Output each line exactly as written, from the first line of the records to the line bearing "半高领针织连衣裙女秋冬纯色修身内搭中长款包臀裙显瘦毛衣裙子", inclusive, while leaving every picture out.

┌────────

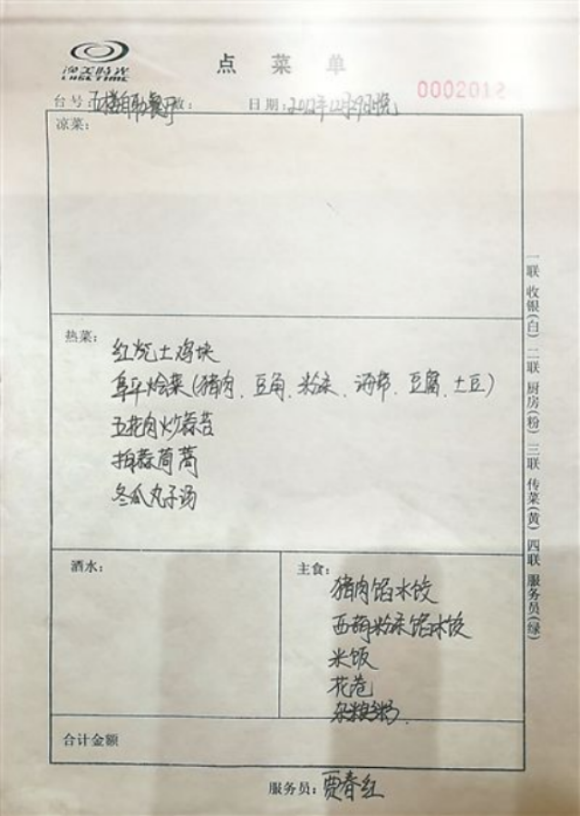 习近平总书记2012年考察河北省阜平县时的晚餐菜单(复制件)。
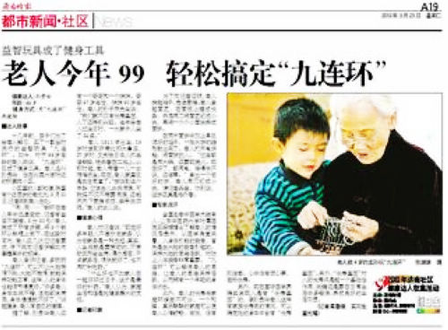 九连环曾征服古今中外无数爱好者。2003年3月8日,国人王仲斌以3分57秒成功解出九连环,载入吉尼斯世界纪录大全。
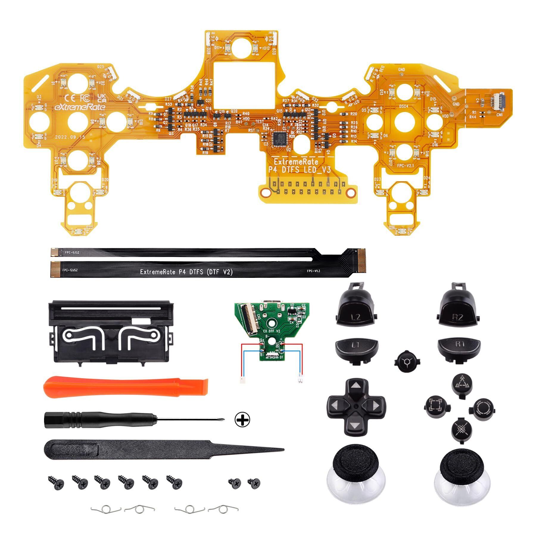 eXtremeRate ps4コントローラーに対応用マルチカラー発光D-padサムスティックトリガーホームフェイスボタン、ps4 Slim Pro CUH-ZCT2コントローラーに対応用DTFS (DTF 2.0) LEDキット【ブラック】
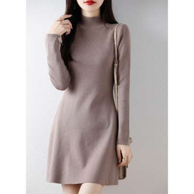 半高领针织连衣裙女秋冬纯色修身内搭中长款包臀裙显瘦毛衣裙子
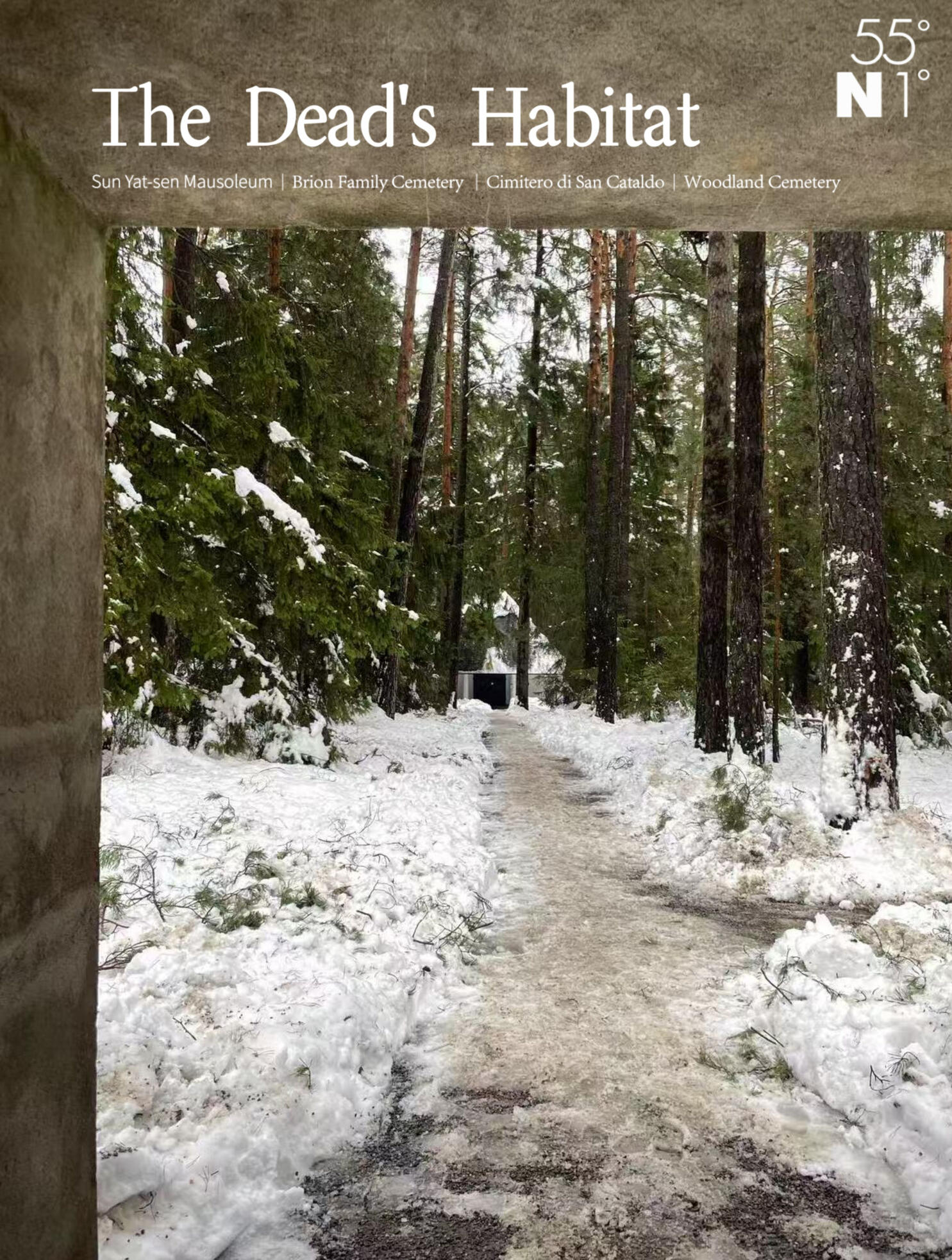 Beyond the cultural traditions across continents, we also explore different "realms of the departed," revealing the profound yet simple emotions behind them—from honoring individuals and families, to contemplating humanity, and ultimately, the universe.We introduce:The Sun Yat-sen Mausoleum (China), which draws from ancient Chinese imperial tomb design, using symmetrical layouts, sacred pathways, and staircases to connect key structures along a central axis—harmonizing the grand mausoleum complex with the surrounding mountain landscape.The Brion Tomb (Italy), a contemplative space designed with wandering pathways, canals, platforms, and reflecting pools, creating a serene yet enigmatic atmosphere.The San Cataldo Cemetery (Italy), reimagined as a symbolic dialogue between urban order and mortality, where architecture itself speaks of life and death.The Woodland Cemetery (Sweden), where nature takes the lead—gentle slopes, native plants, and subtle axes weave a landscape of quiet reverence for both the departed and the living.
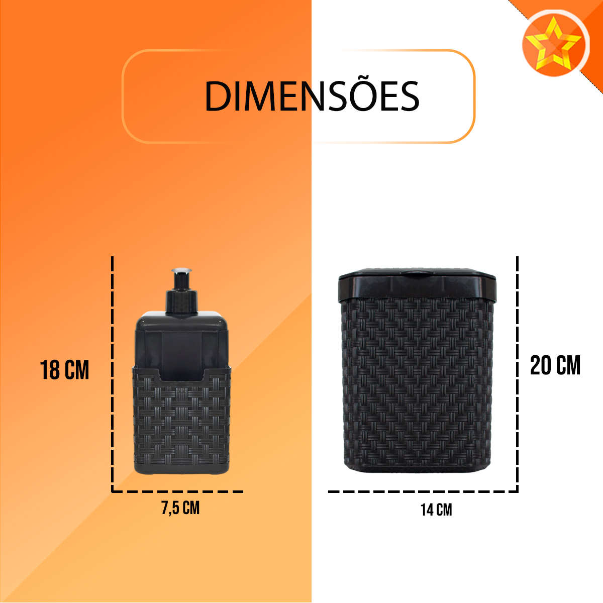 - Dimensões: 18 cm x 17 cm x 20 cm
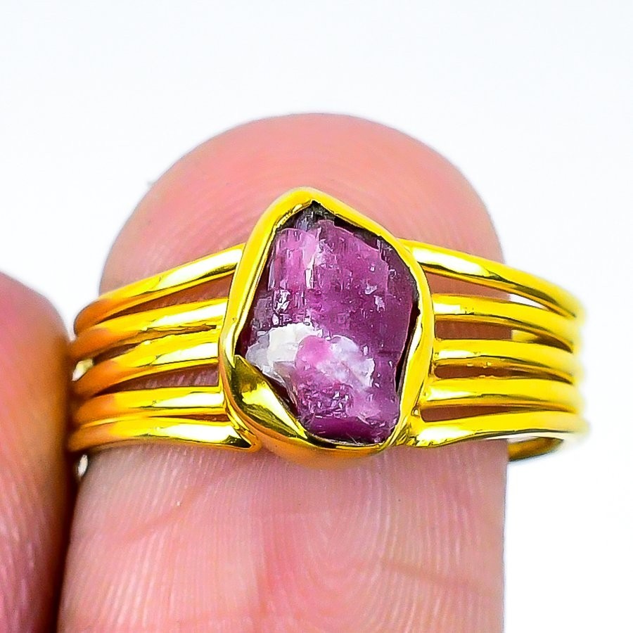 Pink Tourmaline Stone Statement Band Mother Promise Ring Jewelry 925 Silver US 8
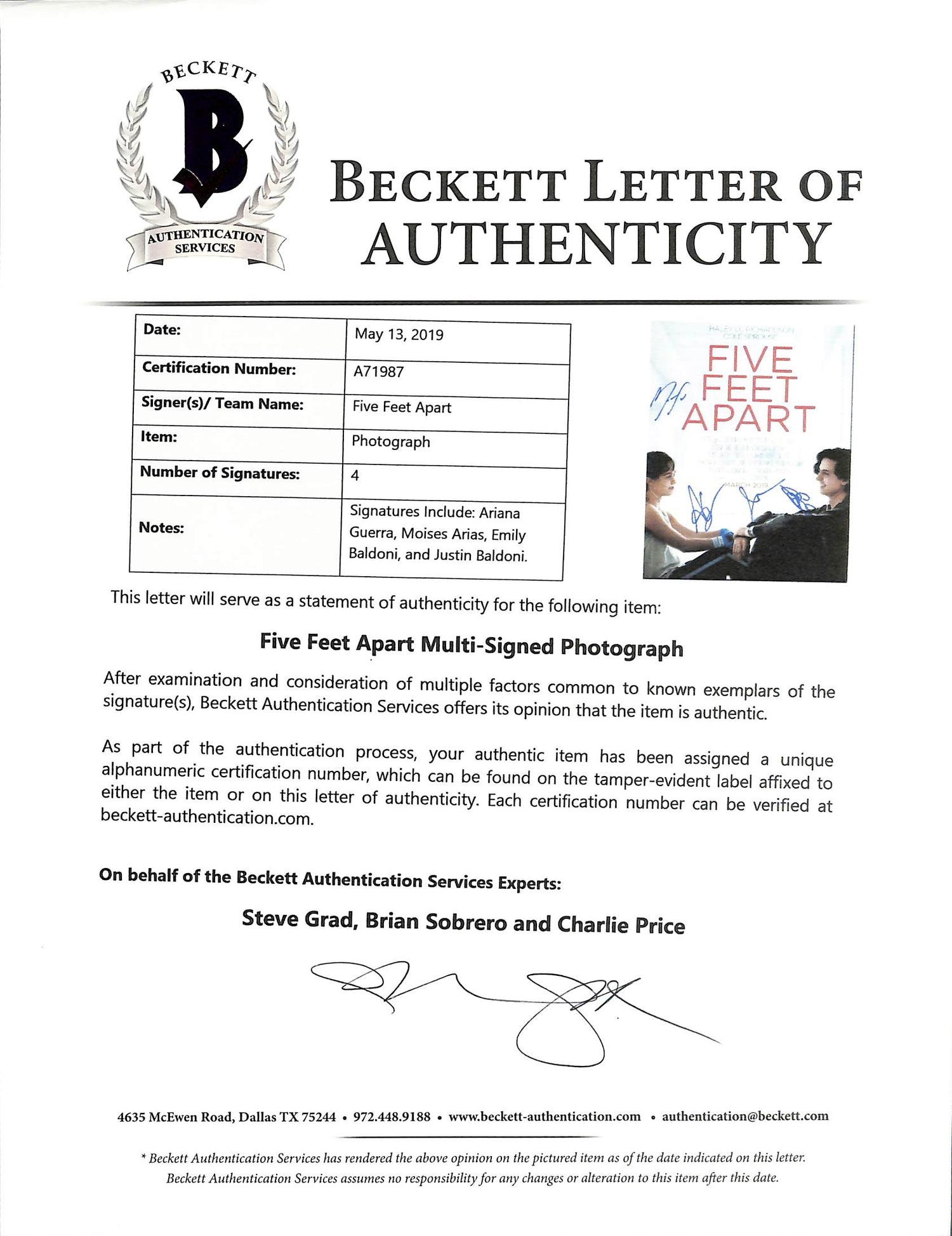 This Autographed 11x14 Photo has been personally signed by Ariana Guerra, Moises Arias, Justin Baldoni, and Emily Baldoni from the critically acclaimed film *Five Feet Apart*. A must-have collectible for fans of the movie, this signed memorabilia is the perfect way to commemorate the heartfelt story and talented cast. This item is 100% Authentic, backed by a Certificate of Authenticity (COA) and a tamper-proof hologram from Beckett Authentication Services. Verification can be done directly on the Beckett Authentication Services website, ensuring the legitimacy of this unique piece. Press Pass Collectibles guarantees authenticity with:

└────────

• _Exercise solution_:
 习近平总书记2012年考察河北省阜平县时的晚餐菜单(复制件)。
 九连环曾征服古今中外无数爱好者。2003年3月8日,国人王仲斌以3分57秒成功解出九连环,载入吉尼斯世界纪录大全。
 eXtremeRate ps4コントローラーに対応用マルチカラー発光D-padサムスティックトリガーホームフェイスボタン、ps4 Slim Pro CUH-ZCT2コントローラーに対応用DTFS (DTF 2.0) LEDキット【ブラック】
 半高领针织连衣裙女秋冬纯色修身内搭中长款包臀裙显瘦毛衣裙子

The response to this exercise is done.